Bitcoin‘s recent performance has attracted increased scrutiny, with David Duong, Head of Institutional Research at Coinbase, emphasizing that the cryptocurrency’s recovery could encounter significant obstacles ahead. Despite the brief optimism following the ceasefire between the U.S. and Iran, Duong pointed out ongoing uncertainties stemming from global energy markets and upcoming Federal Reserve actions.
What Are the Risks Following the Ceasefire?
The ceasefire has provided short-term relief, but vulnerabilities remain within the financial markets. The subsequent drop in oil prices from almost $117 to the low $90s brought temporary boosts to equities and risk assets, as Bitcoin climbed past $72,000 briefly.
According to Duong, while the ceasefire diminished immediate energy-related dangers, it failed to resolve deep-rooted tensions among the parties involved. The reluctance of major shipping companies to resume full operations in the Strait of Hormuz highlights ongoing security concerns, which continue to challenge the physical oil market.
Coinbase, known for its comprehensive institutional research, examined these factors in Duong’s report. He noted that unresolved conflict dynamics might still pose threats, affecting the sentiment of crypto markets.
Duong described the ceasefire as “a genuinely constructive development” but cautioned that markets have not seen a full reversal of risk, with the physical oil market still showing signs of stress.

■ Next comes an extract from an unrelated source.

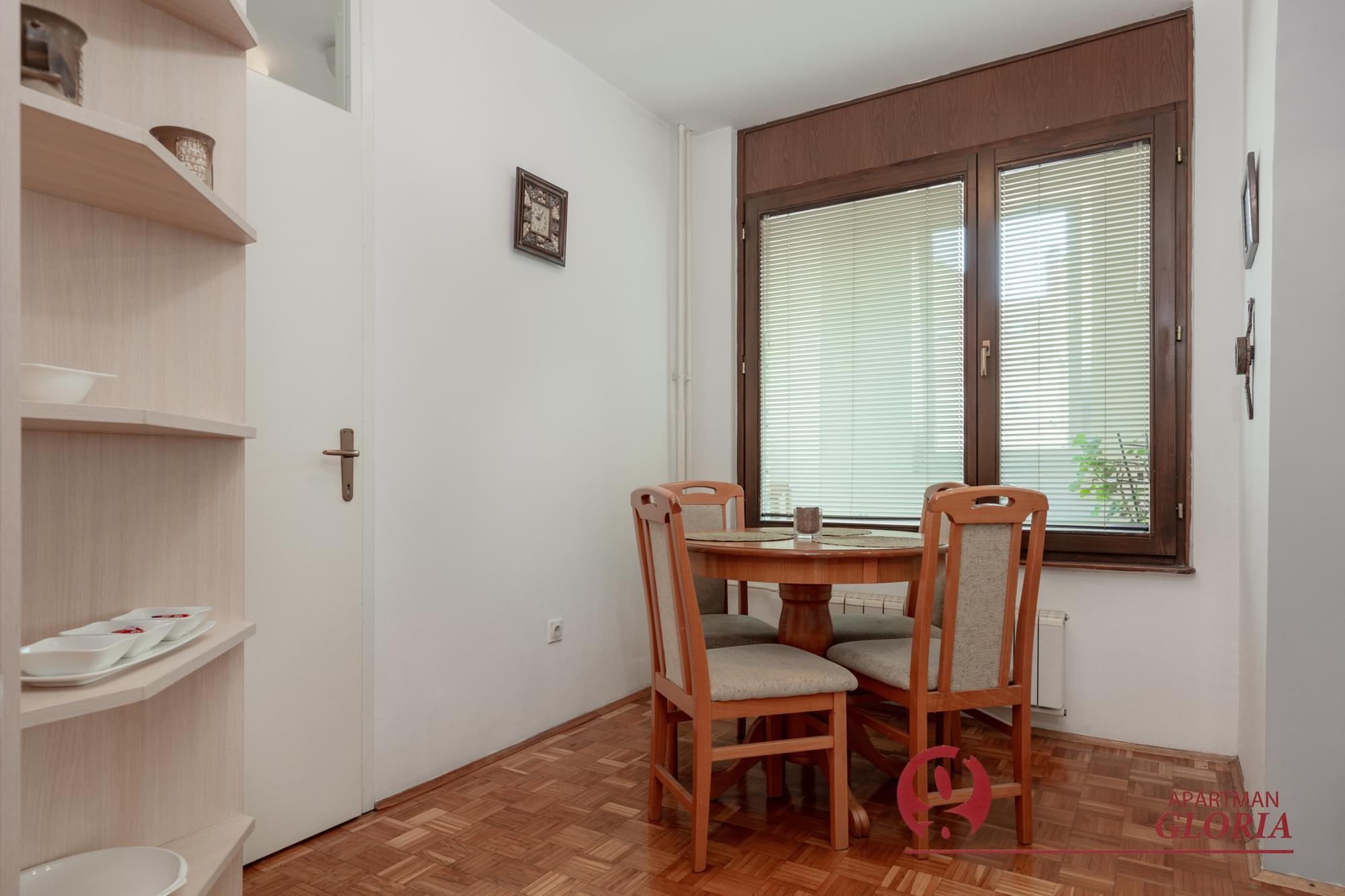 Apartman na četvrtom spratu, u zgradi sa liftom, adaptiran 2017. godine od 55m2. Pogodan za maksimum 4 osobe. Parking je besplatan, gradski (nezonirano područje), blizina kafića, restorana, maxija – radno vreme od 0-24h, gradski prevoz na 30 metara od zgrade. U centru za 20 minuta, na aerodromu za 15 minuta. Kuhinja kompletno opremljena za spremanje i serviranje hrane. Kablovska tv, wi-fi. Posteljina i peškiri za sve osobe.

Could Fed Policy and Economic Data Affect Bitcoin?
March’s nonfarm payroll report, which recorded 178,000 new jobs, surpassed projections, reflecting resilience in the labor market. However, Duong pointed out that labor-force participation remained stable at 61.9%, and annual wage growth decelerated to 3.5%.
The complexity introduced by ongoing payroll revisions has made it challenging for investors to assess the genuine strength of economic recovery. Duong asserted that the Fed’s stance remains constrained due to inflationary pressures not being entirely mitigated, despite the reduction in acute oil risks.

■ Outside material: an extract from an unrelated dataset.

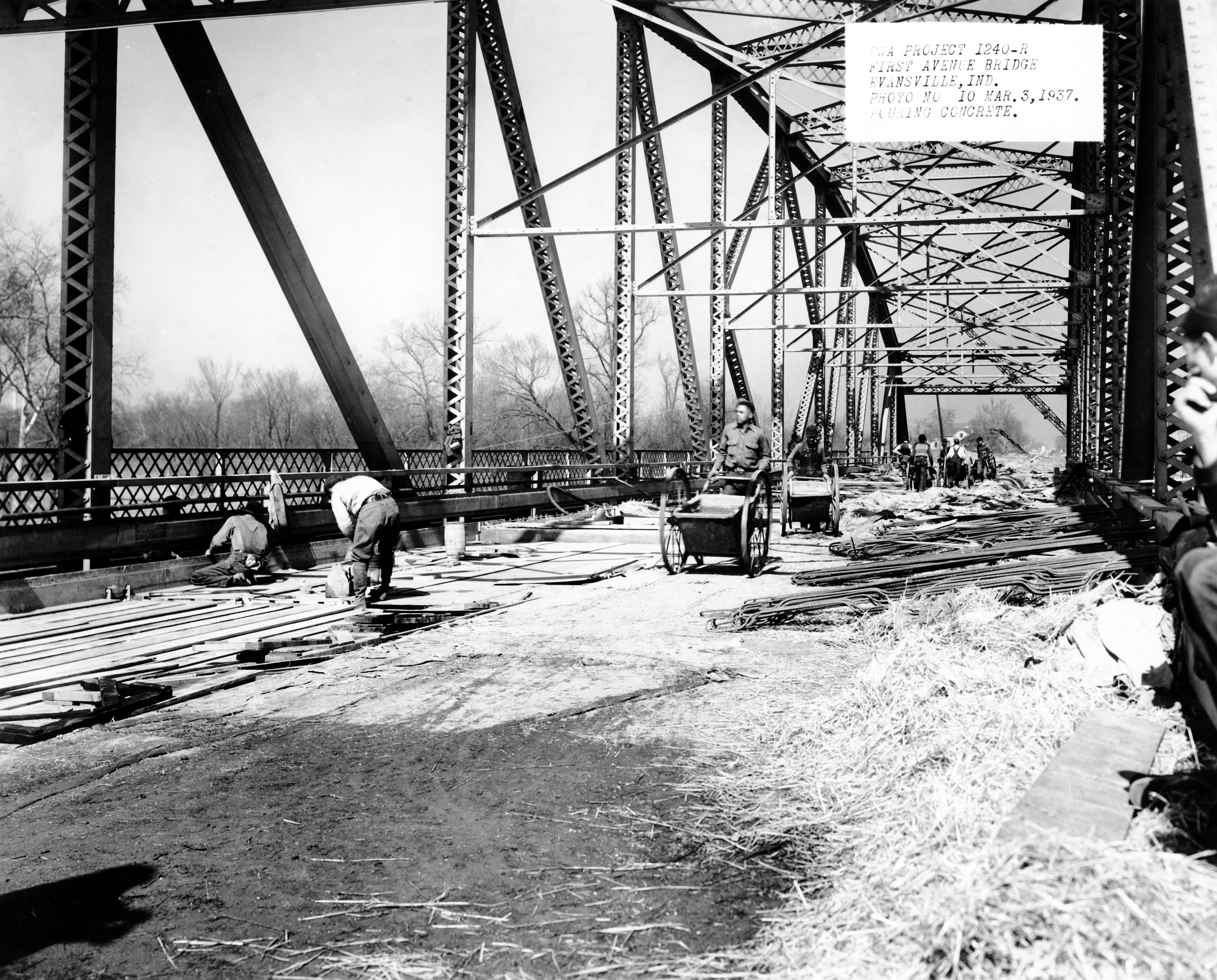 PWA Project I240-R--First Ave. bridge, photo #10 for March 3, 1937, pouring concrete for the new bridge. The Public Works Administration (PWA) was a New Deal program designed to alleviate the Great Depression. It built large-scale public works such as dams, bridges, hospitals, and schools. Its goals were to spend $3.3 billion in the first year, and $6 billion in all, to provide employment, stabilize purchasing power, and help revive the economy. Most of the spending came in two waves in 1933-35, and again in 1938. Originally called the Federal Emergency Administration of Public Works, it was renamed the Public Works Administration in 1935 and shut down in 1944.

Oil Price Movements: A Crucial Indicator for Crypto Market Trends
Oil price fluctuations now majorly influence both Federal Reserve policy and digital asset markets’ broader outlook. Duong highlighted the importance of oil for future Bitcoin trends, suggesting persistent oil market volatility could shape expectations on geopolitical issues and monetary policy dynamics.

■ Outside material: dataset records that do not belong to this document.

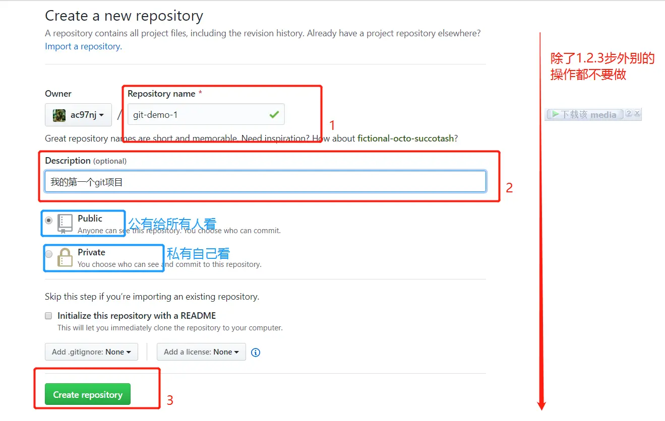 - 打开 GitHub,按图片步骤进行操作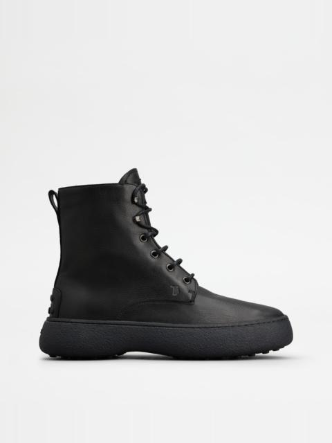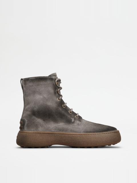 TOD'S W. G. LACE-UP ANKLE BOOTS IN SUEDE - BROWN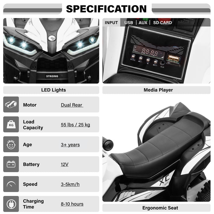 Alimenté par une batterie 12 V 4,5 Ah et deux puissants moteurs 390, votre enfant profitera jusqu'à 60 minutes de conduite passionnante. Sa conception allie performance et sécurité pour une tranquillité d'esprit optimale.

Duong proposed a structured approach to monitoring market sentiment through oil price developments. At March’s end, unsuccessful attempts to breach $100 per barrel indicated a ceiling for crude oil; however, a subsequent rally to approximately $117 reflected renewed pressure potential due to persistent uncertainty.
- The U.S.-Iran ceasefire prompted Bitcoin’s ascent, which could be susceptible to oil price movements and Fed policies.
- David Duong of Coinbase emphasized the impact of unresolved geopolitical conflicts and existing monetary policies on risk assets.
- Tracking oil prices is now deemed vital for assessing Bitcoin’s short-term path and market sentiment.
Bitcoin’s trajectory remains under close watch as market participants evaluate external factors like oil prices and the Federal Reserve’s policy decisions. The ongoing assessment of geopolitical risks and economic indicators will likely shape Bitcoin’s fate in the near term.
Disclaimer: The information contained in this article does not constitute investment advice. Investors should be aware that cryptocurrencies carry high volatility and therefore risk, and should conduct their own research.